Livestock husbandry and fishery industries were the main industries in Hubei Province. Then the score of factor analysis were taken as explained variable to establish regression model composed of influencing factors. This paper use the multiple linear regression, support vector regression to fitting and forecasting data, ARIMA model of time series analysis, introduced at the same time, through the AIC model choice, with the first quarter of 2013 to 2019 in the second quarter fitting training, backward prediction two quarters, and three or four quarter of 2019 compared with the real data, through to the predicted results of the sequence diagram and evaluation index model to compare the mean square error (RMSE).
Three models predict per capita disposable income of farmers in the first and second quarter of 2020. It has been found that performance better ARIMA model in the model compare is worse than before, and three kinds of predicted values are higher than the real value of the model, showed the outbreak to the influence of the agricultural economy in hubei province is serious. On this basis, taking into account the characteristics of geomorphic climate in Hubei province, the constructive suggestions are put forward.
Keywords: COVID-19; Multiple Linear Regression; Support Vector Regression; ARIMA model
Thanks to the hard work of the whole nation, the epidemic prevention situation in China has been constantly improved, and the order of production and life has been quickly restored. In order to win the critical period of building a well-off society in all aspects and the decisive battle against poverty, the impact of COVID-19 epidemic on agriculture and rural economy should be scientifically studied and judged, and appropriate responses should be made. It is of great significance to ensure the well-being of a well-off society and the quality of poverty alleviation. The impact of COVID-19 on agricultural economy mainly includes the impact on the supply of agricultural products, the impact on livestock, poultry and aquaculture, the impact on the supply of agricultural materials and spring tillage preparation, and the impact on the international trade of agricultural products, etc [1,2].
Research on the relationship between agricultural industrial structure and economic growth from the perspective of farmers’ income level: Chen Kai  used the grey correlation method to analyze the relationship between rural household operating income and the output value of planting, forestry, animal husbandry and fishery in the Yangtze River Delta region. Yang Zhong-Na et al.  analyzed the impact of agricultural structure and its changes on agricultural growth in southern Xinjiang from 2000 to 2011 and pointed out that agricultural industrial structure has restricted agricultural economic growth, indicating that the relationship between agricultural industrial structure and agricultural economic growth is spatially regional [5,6]. Therefore, it is very important to analyze the impact of the epidemic on agricultural economy, which can guide the direction of agricultural structural reform .
In this paper, the main income sources of farmers are selected as the analysis indicators, including agriculture, forestry, animal husbandry and fishery. Some data are shown in Figure 1. First, taking logarithm satisfies the economic significance, and then, through factor analysis, the internal relations between various variables are explored to mine the internal structure of the observed data and provide convenience for subsequent professional analysis.

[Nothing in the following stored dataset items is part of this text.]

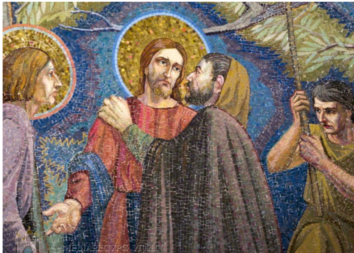
▲ Мозаїка «Зрада Юди», Базилика Агонії Господньої в Єрусалимі

Про це сказав Отець і Глава Української Греко-Католицької Церкви Блаженніший Святослав у своєму воєнному зверненні у 56-й день війни. Таких зрадників Глава Церкви порівняв із Юдою Іскаріотським, який зрадив Ісуса Христа за гріш. «А Україна – наша Мати, – наголошує Предстоятель. — Наш народ, який виборює своє право на життя, є тим, кого не можна оцінити. Йому не можна виставити ціну, бо людське життя є безцінне в Божих очах», – зауважив Глава Церкви.
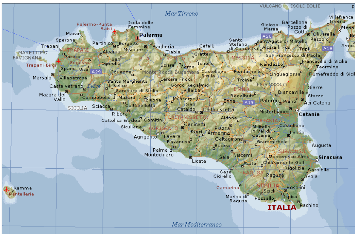
2. Carta Geografica della Sicilia

Negli ultimi anni si è assistito ad un lento, ma progressivo miglioramento delle condizioni dell'Isola, anche se la strada da percorrere per arrivare ad un completo sviluppo è ancora lunga.
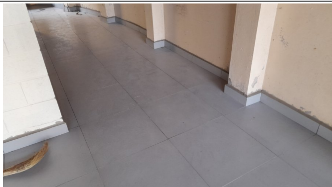
Assentamento de revestimento em paredes e piso
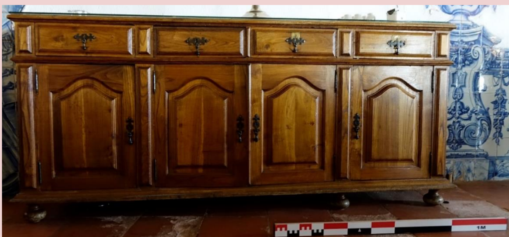
Imagem (s/escala) de uma das peças de mobiliário do conjunto CSJ CL PM MO 006

Planta interior do edifício Paço Real II (s/escala) - localização do conjunto de mobiliário no interior do Edifício Paço II. (Localização do património móvel aferida a 31/07/2017)
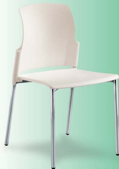
| 25C1 01 P20
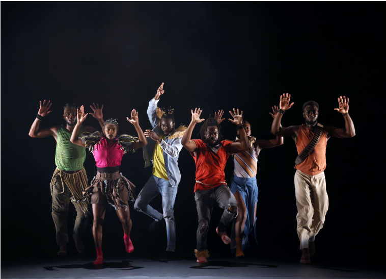
Matière(s) première(s) - ©Patrick Berger

hip-hop au plateau. Pour moi, cette pièce est incontournable dans mon répertoire. En ce qui concerne la notion d'héritage, je l'aborde dans d'autres pièces, comme Matière(s) première(s), que j'ai créé en 2023, ou [Superstrat], créé en 2025 : ces deux spectacles font le lien entre danses traditionnelles africaines et danses afro-descendantes, comme les différentes danses hip-hop issues du continent américain.
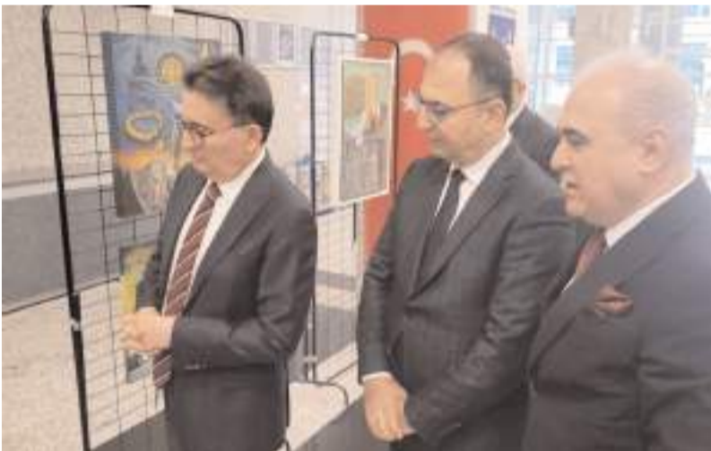
Davetliler sergiyi gezerek eserleri incelediler.
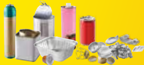
Emballages en métal, même petits.
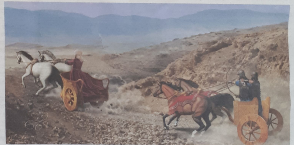
דוד במלחמותיו | ציור מלכות וקסברגר

מופיעות הוראות מפורטות איך לשרטט את הצורה לא בקווים גרידא אלא מתוך שילובי אותיות של שמות הקודש כפי שנהג הרבי רבי יהונתן.
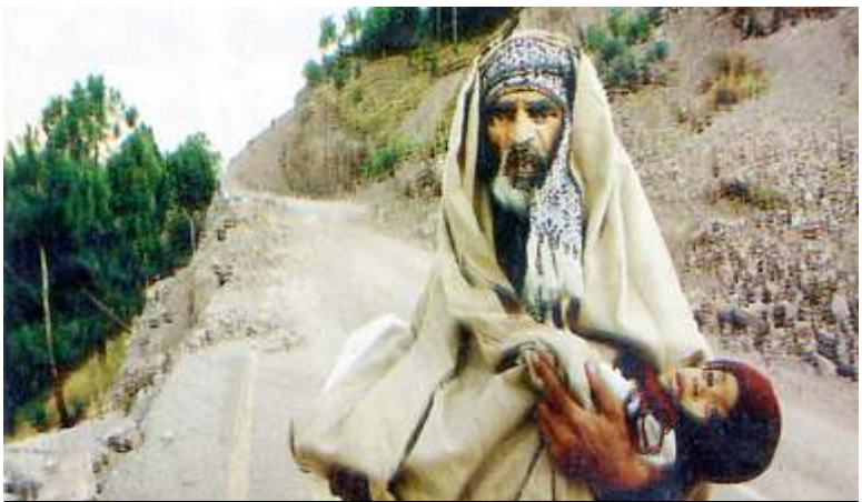
ဒဏ်ရာရနေသောသားငယ်အား ချိုးပျံ့သယ်ယူလာသည့် ငလျင်ဒဏ်ခံရသည့် ဖခင်တဦး

ထောင်ပေါင်းများစွာသော အီရန်လူငယ်များသည် တီဟီရန်ရှိ ယခင်အမေရိကန်သံရုံးဟောင်းဝန်းကျင်တွင် စုရုံးကြပြီး အမေရိကန်ကျဆုံးပါစေဟု ကြွေးကြော်သံများကို ဟစ်အော်ကြသည်။ လွန်ခဲ့သော (၂၅) နှစ်က အီရန်ရှိ အမေရိကန်သံရုံးအား ဝင်ရောက်စီးနင်းမှု အထိမ်းအမှတ်အဖြစ် ကျင်းပခြင်းဖြစ်သည်ဟု ဆန္ဒပြသူများ၏အဆိုအရသိရှိရသည်။ ❖

Establishment and Solution of the Model
The Flow Chart 1 of the overall thinking is as follows:
a. Principle of Factor Analysis: Based on the results of correlation analysis, it is known that there is a certain correlation between the total output value of agriculture, forestry, animal husbandry and fishery and the per capita disposable income of rural residents. Factor analysis studies the relationship between dependent variables, so as to obtain a statistical analysis method of unobservable independent variables hidden among observable variables. Therefore, this paper selects the method of factor analysis to analyze the common factors affecting per capita disposable income, and constructs new variables according to the factor score, so as to eliminate the impact of the correlation of original data. For the 5 variables of total output value of agriculture, forestry, animal husbandry and fishery and per capita disposable income of rural residents, we used principal component method to conduct factor analysis:
i. Calculate the correlation coefficient matrix:
, Where rij is the correlation coefficient, rij = rij
ii. Feasibility of factor analysis of data: KMO test and Barrett ball test were performed on the data when the KMO value was greater than 0.5. When P-value of Bartlett test is less than 0.05, it is considered that factor analysis can be carried out.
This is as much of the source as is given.